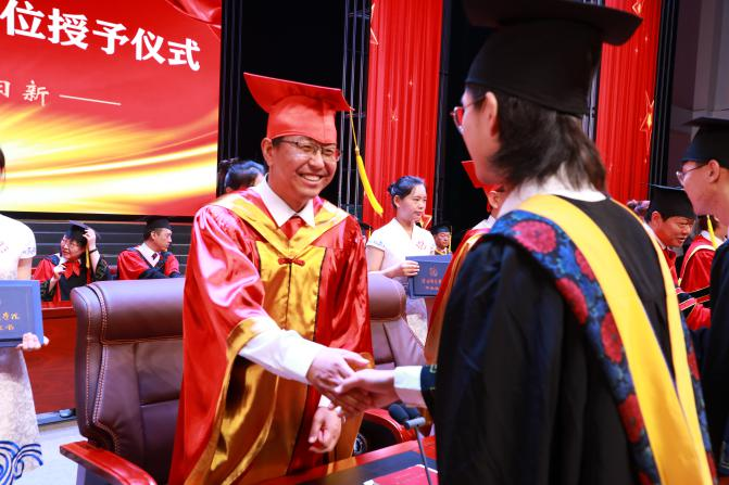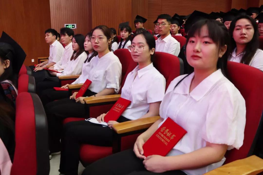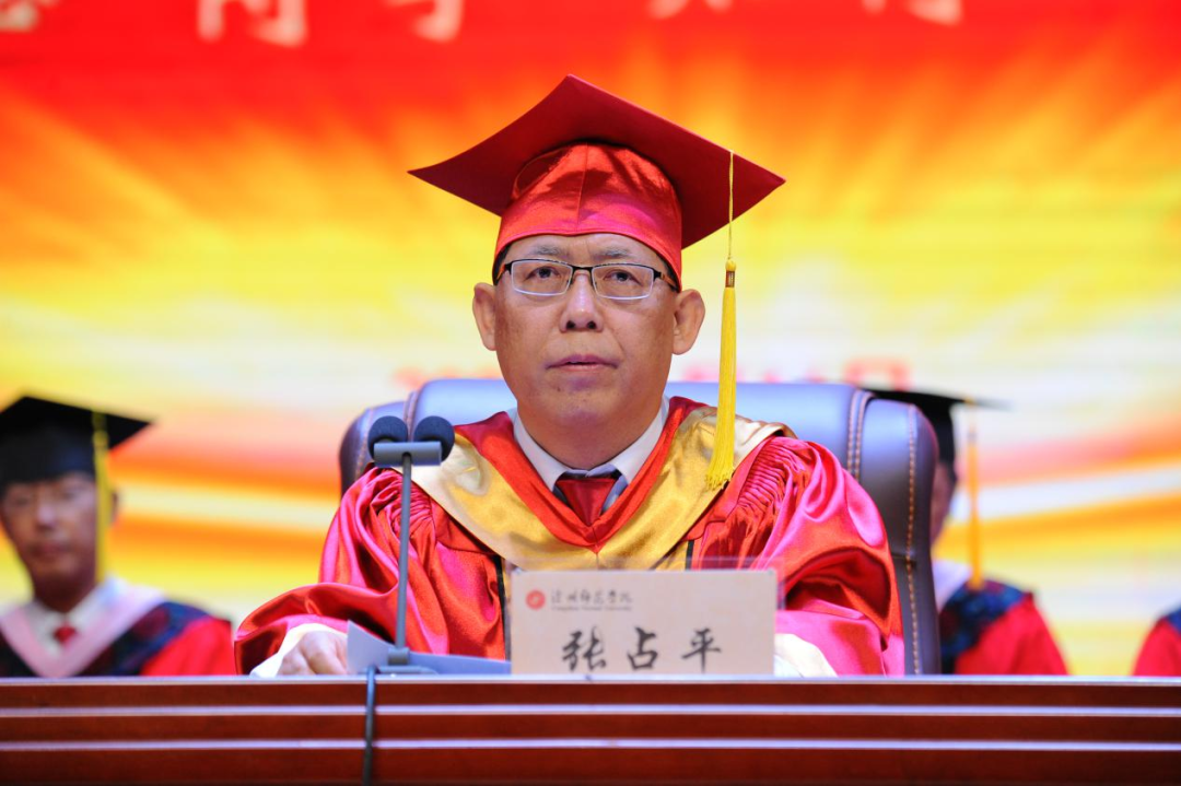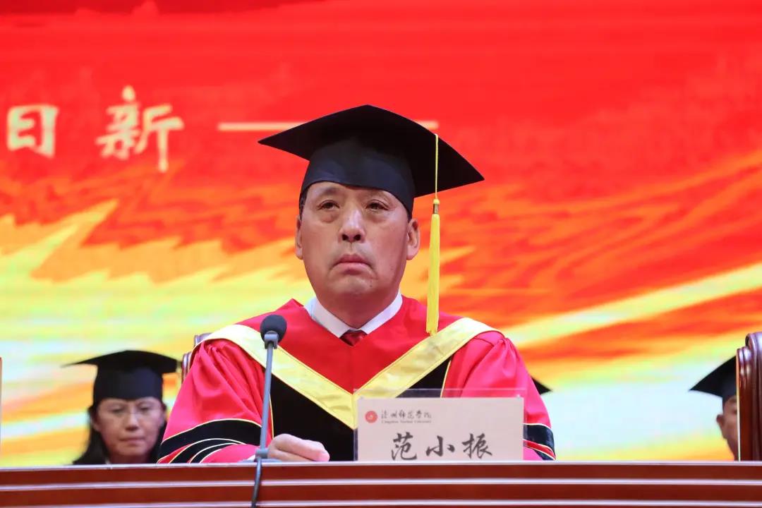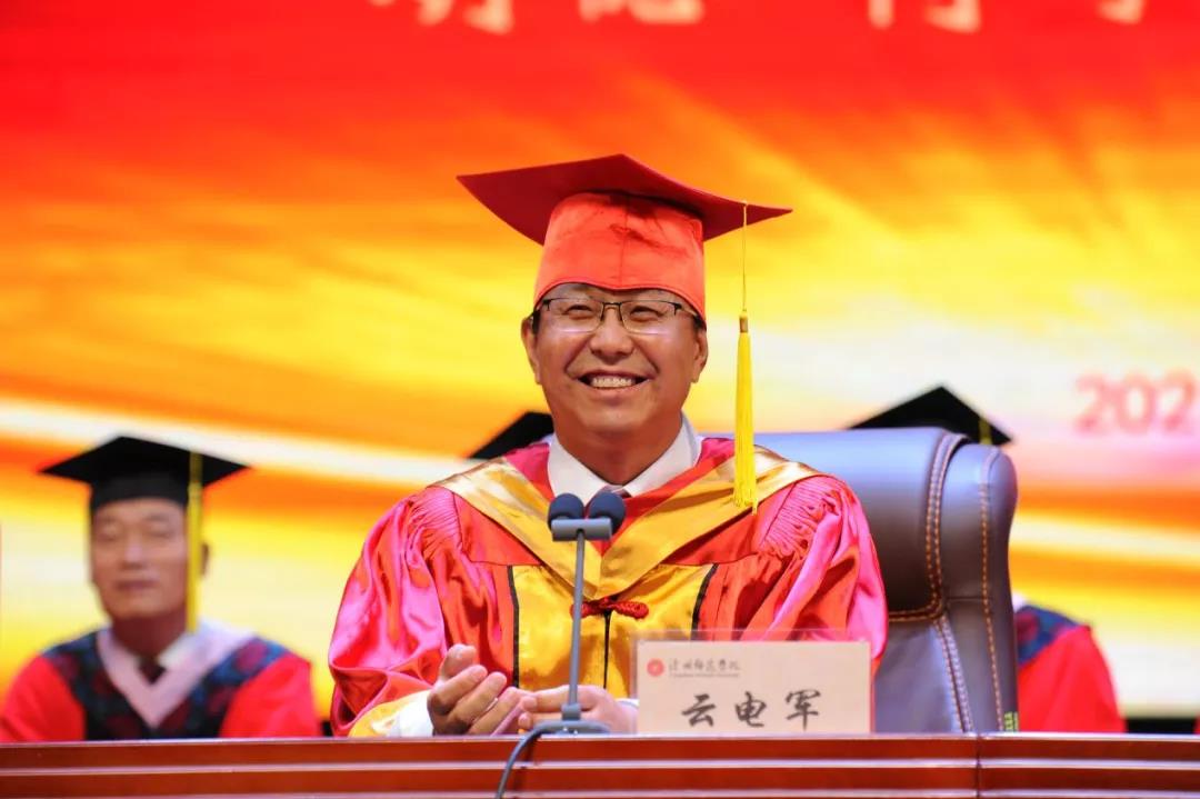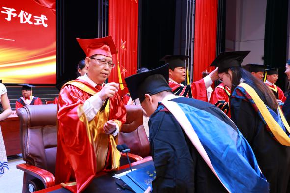 校长张占平以《挥洒七彩青春 续写绚丽人生》为题发表毕业寄语。他指出,“自带“金手指”的“赘婿”只存在幻想的电视剧中,没有任何付出就能“躺赢”的“人生赢家”更是痴人说梦。不想成为被割的“韭菜”,不想被时代“内卷”,就需要奋斗圆梦在路上。希望广大毕业生心系祖国、坚守初心、自强不息、懂得感恩。不做“佛系”打工人,要有“初生牛犊不怕虎”的“冲”劲儿,“俯首甘为孺子牛”的“憨”劲儿,“老骥伏枥志在千里”的“韧”劲儿,在攀登知识高峰中追求卓越,在肩负时代重任时行胜于言,在真刀真枪的实战中成就一番事业,为增强中华民族凝聚力和向心力、为全面建设社会主义现代化国家、实现中国梦作出新贡献。
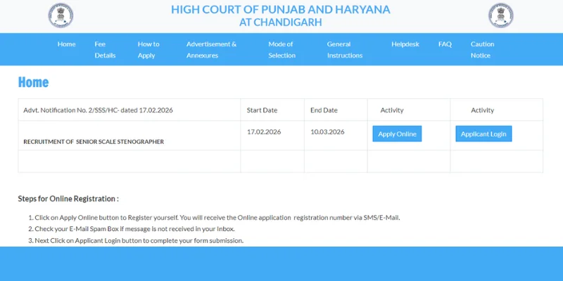 Candidates who want to apply for the Punjab and Haryana High Court Senior Scale Stenographer Recruitment 2026 must complete the application process through the official website. The application form will be available online, and applicants should carefully follow each step to avoid any mistakes.
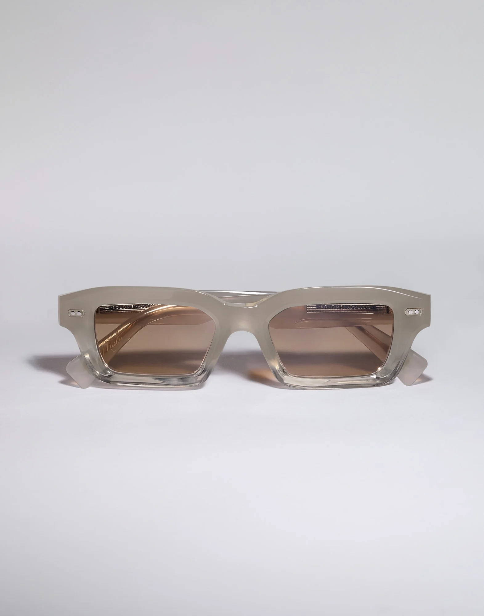 Strong lines and a sculptural design define the bold spirit of the Marla sunglasses, handmade in Japan. The acetate frame with a rectangular silhouette is worked with a hollowing technique that gives volume to the structure while maintaining its lightweight feel. Lasered pins on the front reinterpret the refinement of the iconic lines of the heraldic coat of arms, while the temples feature precious micro-details, such as the engraved logos on the core, flush-set pins and custom hinges. The frame is personalized with the sleek laser-engraved wording "Marla" on the inside of the temple. The frame is part of the "Iconic Meridian" line, inspired by a symbol deeply rooted in the history and philosophy of Brunello Cucinelli. The heraldic logo is reimagined through distinctive details, craftsmanship and design elements that tie the different styles together. Light itself shapes geometric forms at their fullest intensity, like a sundial sculpted by the sun. MATERIALS The frame is made from acetate, a classic thin and lightweight eyewear material. Crystal sun lenses provide UV protection. DETAILS Frame shape: rectangular Acetate frame Size: 50 mm (1.97"); Bridge: 19 mm (0.75"); Temple: 145 mm (5.71") Crystal lenses, base 4.25 UV protection lens coating RX-able style Non-adjustable nose pads Universal fit Handmade in Japan Exclusive packaging The frame's technical code (indicated on the inside of the temple) is: 0BC4019S ACETATE, CRYSTAL
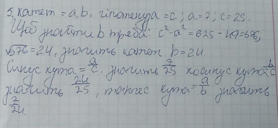 через дано! катеті гіпотенуза прямокутного трикутника пропорційні числа 7 і 25. зайдіть синус косинус, тангес гострих кутів трикутника
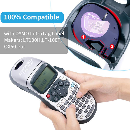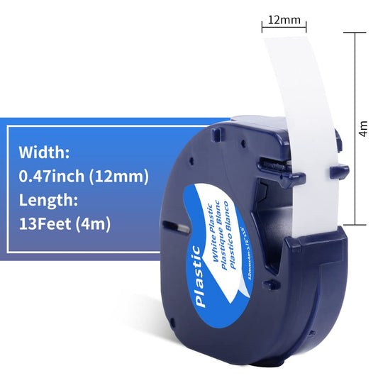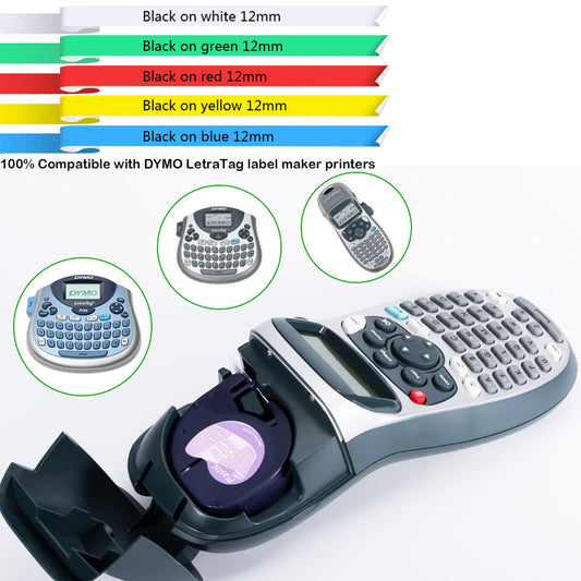 Replace Dymo Letratag Label Tape Plastic Refills 1/2Inch(12mm) Labeling Tape 16952 91331 91332 91333 91335,Compatible for Dymo LetraTag Plus LT-100H LT-100T QX50 Label Maker,13Feet(4m), 5 Pack
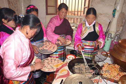 巴塘人一年當(dāng)中有很多重要的節(jié)日,而最重要的莫過(guò)于過(guò)春節(jié)。隨著農(nóng)歷新年的來(lái)臨,巴塘人過(guò)春節(jié)的氛圍也越來(lái)越濃烈了。掃塵、貼春聯(lián)、殺年豬、罐血腸、樹(shù)經(jīng)幡、獻(xiàn)“切瑪” 、曬牛肉干、做長(zhǎng)面、炸“花茹” 、 釀青稞酒等等,人們臉上綻放出春天的笑顏,喜逐顏開(kāi)迎候新春佳節(jié)的到來(lái)。而在眾多的風(fēng)味飲食中,炸“花茹” 、 吃長(zhǎng)面(當(dāng)?shù)厝朔Q之為“金絲面”)是巴塘人春節(jié)時(shí)家筵中必不可缺的美食佳肴。
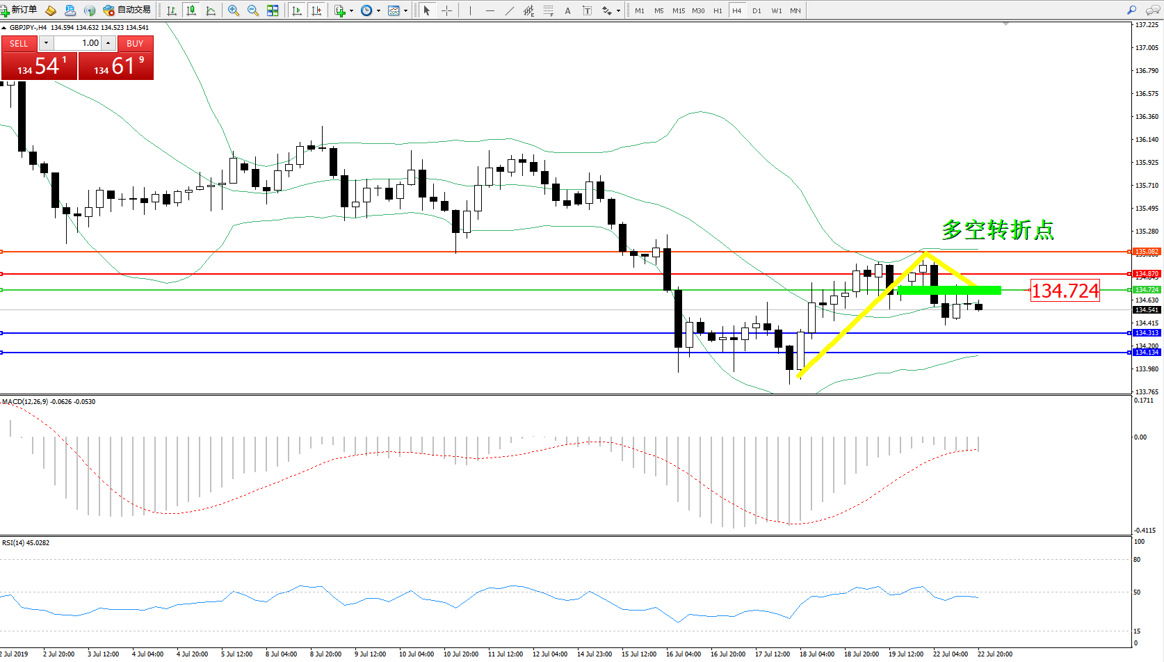 交易策略:134.724下方看跌,目标134.313134.134
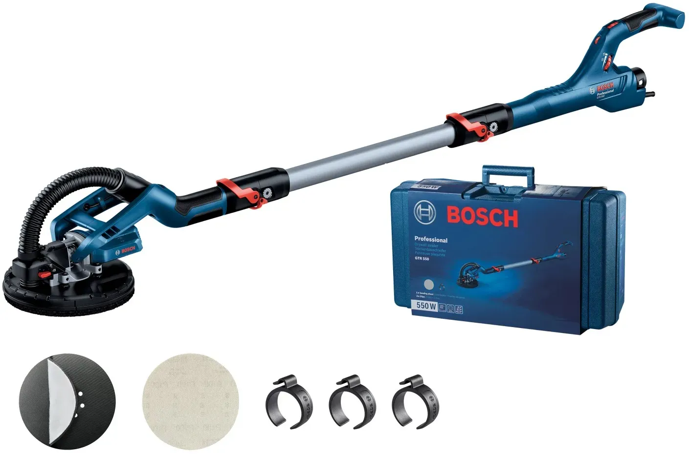 Auf Lager Versand durch AmazonBosch Professional Trockenbauschleifer GTR 55-225 (550 Watt, Schleifteller-Ø 215mm, inkl. 1x Schleifblatt M480, 1x Schleifteller-Set weich, 3x Kabelclip, Handwerkerkoffer)
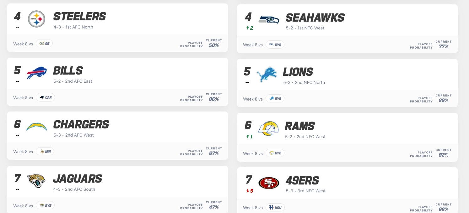 And hey, it’s that time of year when there’s already a playoff picture! If the season ended today, the Niners would still make the playoffs, albeit as the lowest-seeded Number 7 team in the NFC. So they are not on the outside looking in, or at least, not at this point they aren’t.
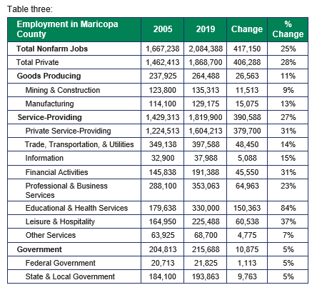 The number of people with a job has never been higher in Maricopa County. The number of people with a job is averaging 2,084,388 monthly so far in 2019. Table Three compares the number of people employed by category in 2005 to 2019. It shows the actual change in the number of jobs and the percentage change. The information was compiled from the Arizona Office of Economic Opportunity. The category with the greatest increase from 2005 to 2019 is Educational and Health Services. Employment in this category is up by 150,363 jobs or eighty-four percent. The category with the lowest increase is Government. Both Federal, State and Local Government jobs are up five percent or by 10,875 jobs.
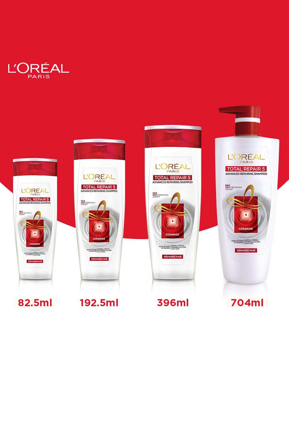 L'Oréal Paris Total Repair 5 Repairing Shampoo helps combat the five signs of damaged hair - Hair fall, Dryness, Roughness, Dullness, and Split ends without weighing it down. Damaged hair lacks the natural cement that keeps the hair strong and resilient. To make sure the hair gets the required strength, the L'Oréal Laboratories have included the Keratin XS technology to replicate the hair's natural cement to target the five major problems. The smallest form of Keratin XS deeply penetrates the fibres to ensure faster repair.
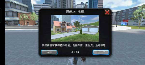 5、购买房屋可获得特殊功能,例如车库、重生点、治疗等等。使用车库存放和撤回您喜欢的车辆。进入机场购买多架飞机,包括军用车辆。
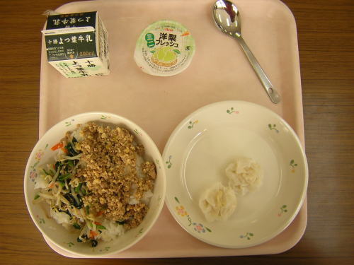 ビビンバ 豆腐シューマイ(2コ) 洋梨フレッシュ(ゼリー) (674kcal) 今日の献立にはヘルシーな豆腐シューマイが出ました。 マラソンの練習で体が熱くなっていたのか、洋梨フレッシュが今日は人気でした。 文責:とも

=== TASK PROMPT ===
From the records above, transcribe exactly the lines starting at the one containing "Strong lines and" and ending at the one containing "交易策略:134.724下方看跌,目标134.313134.134". Skip the pictures.

=== RESULT ===
 Strong lines and a sculptural design define the bold spirit of the Marla sunglasses, handmade in Japan. The acetate frame with a rectangular silhouette is worked with a hollowing technique that gives volume to the structure while maintaining its lightweight feel. Lasered pins on the front reinterpret the refinement of the iconic lines of the heraldic coat of arms, while the temples feature precious micro-details, such as the engraved logos on the core, flush-set pins and custom hinges. The frame is personalized with the sleek laser-engraved wording "Marla" on the inside of the temple. The frame is part of the "Iconic Meridian" line, inspired by a symbol deeply rooted in the history and philosophy of Brunello Cucinelli. The heraldic logo is reimagined through distinctive details, craftsmanship and design elements that tie the different styles together. Light itself shapes geometric forms at their fullest intensity, like a sundial sculpted by the sun. MATERIALS The frame is made from acetate, a classic thin and lightweight eyewear material. Crystal sun lenses provide UV protection. DETAILS Frame shape: rectangular Acetate frame Size: 50 mm (1.97"); Bridge: 19 mm (0.75"); Temple: 145 mm (5.71") Crystal lenses, base 4.25 UV protection lens coating RX-able style Non-adjustable nose pads Universal fit Handmade in Japan Exclusive packaging The frame's technical code (indicated on the inside of the temple) is: 0BC4019S ACETATE, CRYSTAL
 через дано! катеті гіпотенуза прямокутного трикутника пропорційні числа 7 і 25. зайдіть синус косинус, тангес гострих кутів трикутника
 Replace Dymo Letratag Label Tape Plastic Refills 1/2Inch(12mm) Labeling Tape 16952 91331 91332 91333 91335,Compatible for Dymo LetraTag Plus LT-100H LT-100T QX50 Label Maker,13Feet(4m), 5 Pack
 巴塘人一年當(dāng)中有很多重要的節(jié)日,而最重要的莫過(guò)于過(guò)春節(jié)。隨著農(nóng)歷新年的來(lái)臨,巴塘人過(guò)春節(jié)的氛圍也越來(lái)越濃烈了。掃塵、貼春聯(lián)、殺年豬、罐血腸、樹(shù)經(jīng)幡、獻(xiàn)“切瑪” 、曬牛肉干、做長(zhǎng)面、炸“花茹” 、 釀青稞酒等等,人們臉上綻放出春天的笑顏,喜逐顏開(kāi)迎候新春佳節(jié)的到來(lái)。而在眾多的風(fēng)味飲食中,炸“花茹” 、 吃長(zhǎng)面(當(dāng)?shù)厝朔Q之為“金絲面”)是巴塘人春節(jié)時(shí)家筵中必不可缺的美食佳肴。
 交易策略:134.724下方看跌,目标134.313134.134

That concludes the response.